If you are a Lucene user, but do not use Solr, you can still use Lux as a means of indexing XML content and querying it using XQuery, since Lux provides a Lucene-only API and its dependencies on Solr only arise in the service of Solr request handlers. Similarly, if you are Saxon user and want to use Saxon to execute queries against a persistent indexed data store, you can use Lux to do that without needing Solr.

In these cases, you would embed Lux in your application by placing the Lux jar file (and its dependencies) on your classpath; then you could make use of its Java API.

EXPath Package Manager

Lux is distributed with a copy of the EXPath package manager, which enables loading of standardized extensions to the XPath function library. The app server is configured to initialize the package manager, and will load any modules in the EXPath repository.
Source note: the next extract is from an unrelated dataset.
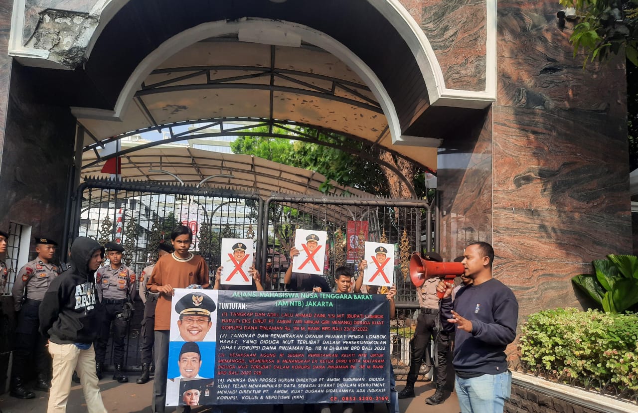 JAKARTA – Puluhan mahasiswa yang tergabung dalam Aliansi Mahasiswa Nusa Tenggara Barat (AM NTB) Jakarta menggelar aksi demonstrasi di depan Kejaksaan Agung (Kejagung) RI pada Rabu, 6 Agustus 2025. Mereka menuntut Kejagung untuk segera mengusut tuntas dugaan korupsi yang melibatkan Lalu Ahmad Zaini, yang saat ini menjabat sebagai Bupati Lombok Barat. Dugaan korupsi ini berkaitan dengan dana pinjaman senilai Rp118 miliar dari Bank BPD Bali pada tahun 2022, saat Lalu Ahmad Zaini masih menjabat sebagai Direktur Utama PT. Air Minum Giri Menang (AMGM).

It comes with two modules installed: an HTTP client and a Zip file access module.

If you use the Lux library in some other environment, and you also want to make use of EXPath modules, you would need to add the EXPath (for Saxon) package manager jars to your classpath, create an EXPath repository, install the extension jars to that repository, and install the extensions you want into the repository. The EXPath jars are available from the EXPath site, and are also distributed as part of the Lux app server bundle.

To activate the EXPath extensions, you must provide the location of the repo as the value of the system property “org.expath.pkg.saxon.repo”.

Lux source code

The source distribution comes with Maven project files and Eclipse .project files, so it is easiest to build it using those tools. As usual, “mvn package” will compile all the source code, run all the unit tests, and build the various artifacts. “mvn assembly:single” builds distribution bundles.

Maven distribution

Java developers wishing to embed Lux may depend on the Lux library using Maven dependency declarations. It is available on Maven central using the groupID “org.luxdb” and the artifactId “lux”.